The monthly planning guide for visual & performing arts students


As we approach the final weeks of summer, anticipation is in the air for the school year ahead. By spending just a little time each month identifying your objectives, planning ahead, and taking action, you’ll be impressed by how much you can accomplish over the course of the entire school year. Whether you’re about to enter your freshman year in high school or in college, this is an exciting time in your life, so fulfill your goals one step at a time and enjoy the journey!


Senior Arts Students — This is your time. You’ve been preparing for years and now college is almost here. You may be feeling a range of emotions from excited and happy to nervous and fear of the unknown. Just know that it’s perfectly natural and most students are going through the same thing. So open yourself up to meeting all types of people and broadening your experiences. Dedicate yourself to your work and your art, and treat this as a special time… because it is!

Senior Parents — Prepare your student and yourself. Books, bedding, clothing, supplies, encouragement, love… you probably have a good sense of what your child will need to begin his or her college freshman year. But many parents forget to anticipate their own emotional state. Separation anxiety is only natural, especially if this is your first time sending a child off to college. Keep in mind there is an adjustment period, so have patience, stay busy, and remember that one of the best gifts you can give your child is a sense of independence.


Junior Arts Students — Start working now on your application essays. Compose rough drafts of the essays you’ll need for your college applications. The Common App is a free, online application used by over 400 colleges and universities, so see if it applies to your situation. It’s a good idea to have a teacher read and discuss essays with you so you can see which areas need work. Make revisions to your application essays and prepare final drafts. Remember to proofread the final essays. Then proofread them again.

Junior Parents — Help plan for submissions. Keep your child on track with test preparation, if needed. He or she should begin planning and/or assembling any supplemental submissions that will be needed, such as prescreen videos or portfolios. Review and update the list of target schools that you and your child have been developing. Record the pros and cons of each school.
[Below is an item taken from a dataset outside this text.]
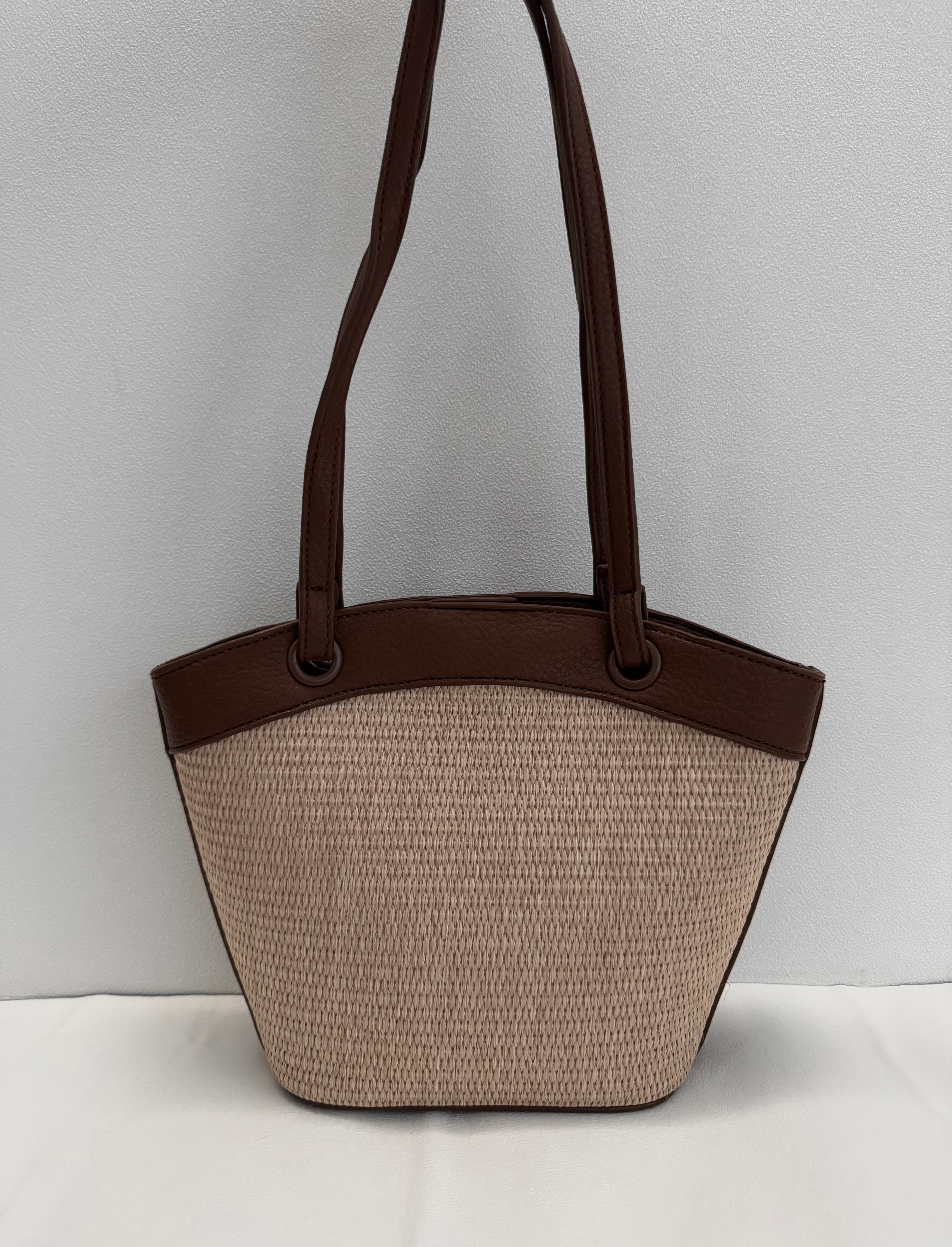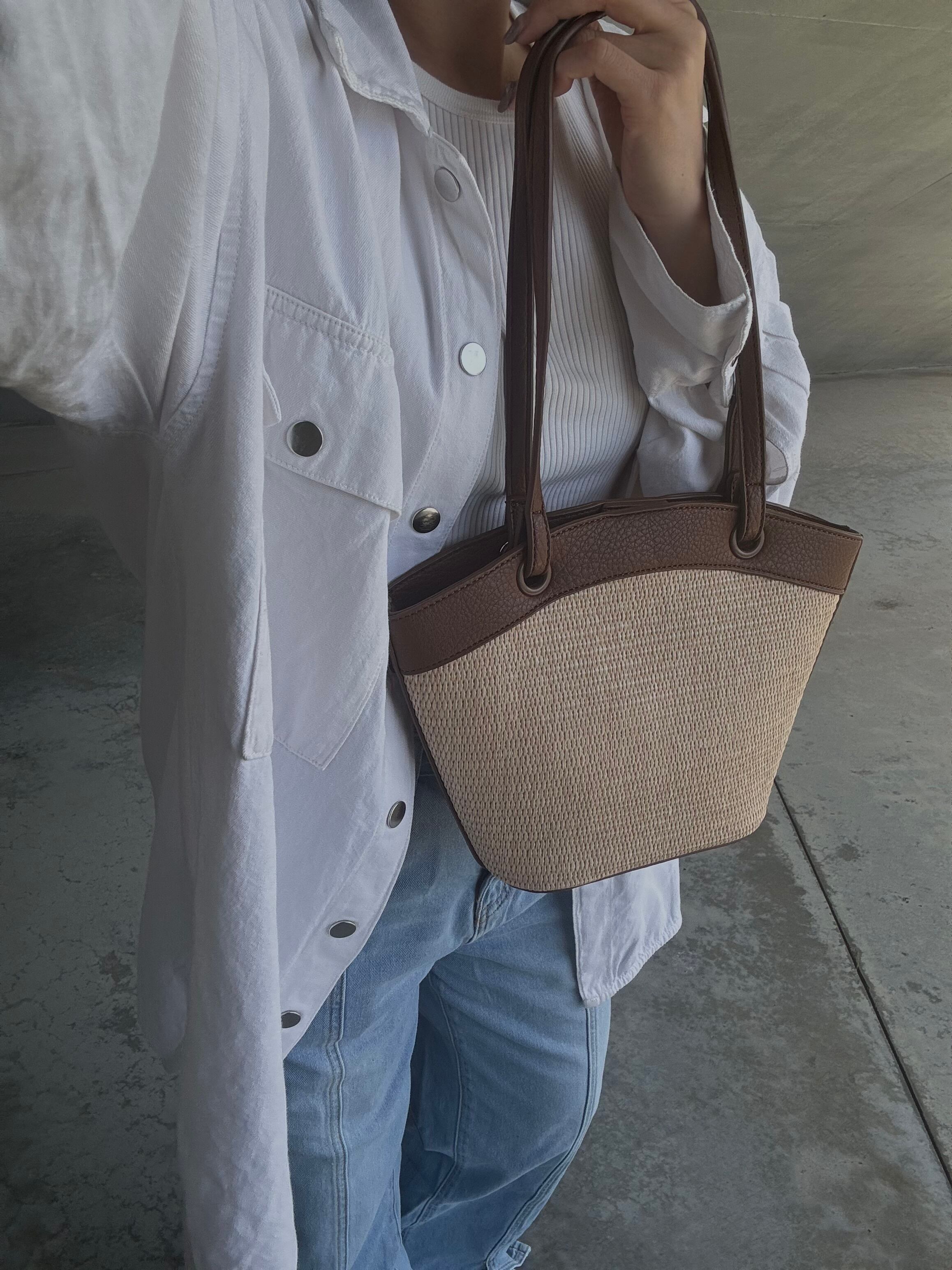 合皮素材と本体にはラタン・ラフィア素材をコンビネーションした、季節感たっぷりのショルダーバッグ。

Sophomore Arts Students — Refresh and reconsider. The summer break lets you step back and get some perspective on where you are in school and where you see yourself heading this year in preparation for college. It’s a good time to re-evaluate and refocus your academic and art efforts so that you can be sure you’re on track to accomplish your goals.
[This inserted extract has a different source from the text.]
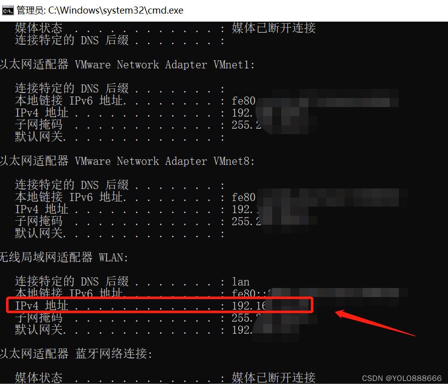 12、查看ipv4地址(可以使用 window鍵+R → 輸入 cmd 回車 → ipconfig 查看 )

Sophomore Parents — Do some early research with your student. You can find all of the college entrance information you need online, as well as applications to many institutions. Summer is a great time for you and your child to check out some of the sites, plan future visits, and bookmark your favorites.
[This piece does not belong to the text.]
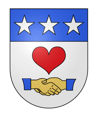 Les armoiries de Corsier-sur-Vevey en science héraldique : « D’argent au coeur de gueules soutenu d’une foi de carnation, parée d’azur, au chef d’azur chargé de trois étoiles d’argent ».

Freshman Arts Students — Discuss college savings. Talk to your parents about planning for college expenses. If your family has set up a savings plan for you, continue to add to it whenever possible. If not, there’s never a better time to start saving for college than now. You and your parents can use an online financial planning calculator to help assess the current savings situation and plan for the future.

Freshman Parents — Talk about financial participation. Now that your student is in high school, it’s important that he or she understand financial roles and responsibilities. Exactly what that role entails is entirely up to you, depending on your personal situation. Whether circumstances call for monetary contributions or simply keeping a tight reign on expenses, now is a good time to clearly communicate the needs and expectations.